A deep curiosity for technology solutions in agriculture led to prior roles as Director for AgriFood Tech at BDO and Managing Director for APAC at SVG Ventures Thrive. Today, he advocates for the AgriFood tech ecosystem as a Committee Member of the Australian AgriTech Association and co-organiser of the South Australian AgriTech Meetup Group.

Michael's forward-thinking perspective on redesigning the food system was showcased in his TEDx talk, and recognized as a recipient of an InDaily 40 Under 40 award in 2020..

The M&A path is getting crowded

Recent signals indicate that agricultural corporates' M&A strategies will be changing, with several factors driving this shift.

  • Maturing tech platforms within agricultural corporates

The core technology building blocks (operating software, autonomy, connectivity, and smart implements) have evolved and become somewhat commoditized. Agricultural corporates have a product framework and partnerships for most of the macro technology drivers, with the focus now on increasingly integrating, iterating, and driving adoption in the market.

  • Strengthened Internal Innovation

Through these acquisitions, many former startup founders and engineers are now leading internal R&D projects within the corporates, building product teams and innovation capability. For example, despite the acquisition by John Deere, Blue River Group continues to be "an independently-run subsidiary with entrepreneurial spirit."

  • Rapid increase in number of AgriTech Startups

The accelerator program + venture capital model has fueled a rapid increase in the number of AgriTech companies globally. With multiple startups going to market across each of the technology verticals, the corporates have ample choice and leverage to feed their M&A strategies.

  • The innovation theatre

Access to agricultural corporates is increasingly difficult, filtered through open innovation challenges, accelerator programs, and pitch events. With M&A deal sourcing processed through these formats, more time is spent by startups developing a pitch narrative, rather than building world-leading technology.

M&A buys profits not pitches

Agriculture has a strong history of M&A, which is likely to strengthen and grow as the demand for technologies that enable sustainable agriculture exceeds the internal pace of corporate innovation.

The challenge for the AgriTech sector is that margins for agricultural equipment and inputs are tight, with gross margins ranging from 20% - 30% and net margins as low as 6% at Case IH. These margin dynamics extend to their customers, the farmers who operate in an industry demanding efficiency and margin compression as a constant economic force. These tight margin dynamics mean that unicorn valuation multiples often break the analysts' financial model.

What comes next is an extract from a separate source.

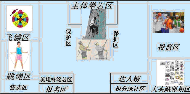 这次活动的基本原则是:每个同学自愿参加活动,可以到跳绳达人营、投篮达人营、攀岩达人营、飞镖达人营去获得分数。每个达人营的活动规则以及难度都各有不同,但只要同学努力都可以得到相应的分数。最后全部通过四个达人营,并且总得分在170分以上的同学可以得到丰厚礼品。整个活动过程中还有专人为同学们在竞赛中的英姿拍照留念。
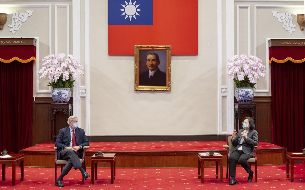 In this photo released by the Taiwan Presidential Office, Sen. Lindsey Graham, R-S.C., left, listens as Taiwan's President Tsai Ing-wen, right, speaks during a meeting at the Presidential Office in Taipei, Taiwan, Friday, April 15, 2022. U.S. lawmakers visiting Taiwan have made a pointed and public declaration of their support for the self-governing island democracy while also issuing a warning to China. (Taiwan Presidential Office via AP)

In agriculture, efficient capital allocation is the key driver of success.

These financial dynamics are in stark contrast to the current AgriTech ecosystem, which has been built on a venture model that traditionally relies on startups achieving gross margins of 70%+ once they reach scale. With margins that high, startups and investors can afford (and are often encouraged) to be inefficient allocators of capital through the scale-up phase, as the high margins and growth rate multiples will eventually hide the waste—if they execute well.

Over the past two years, we've witnessed the force of financial gravity. When capital is no longer limitless, it simply can't close the gap between lofty aspirations and the free market's stark realities around profit margins.

We can debate the role of venture capital in AgriTech indefinitely, but one truth remains: the product is reality, the pitch is vanity, and profit is sanity. Ultimately, genuine value creation—not an inflated narrative—is what sustains a business.

I believe venture capital still has a critical role to play in enabling a more blended capital stack—one that aligns return expectations with market conditions and timelines. This means prioritizing efficient capital deployment strategies and building funds that don't hinge on finding the next unicorn.

While AgriTech may not produce a herd of unicorns, there are plenty of good companies quietly delivering 5x - 10x M&A returns through disciplined capital allocation, consistent execution, and good old-fashioned hard work. These successes weren't driven by hype, but by sustainable financial practices.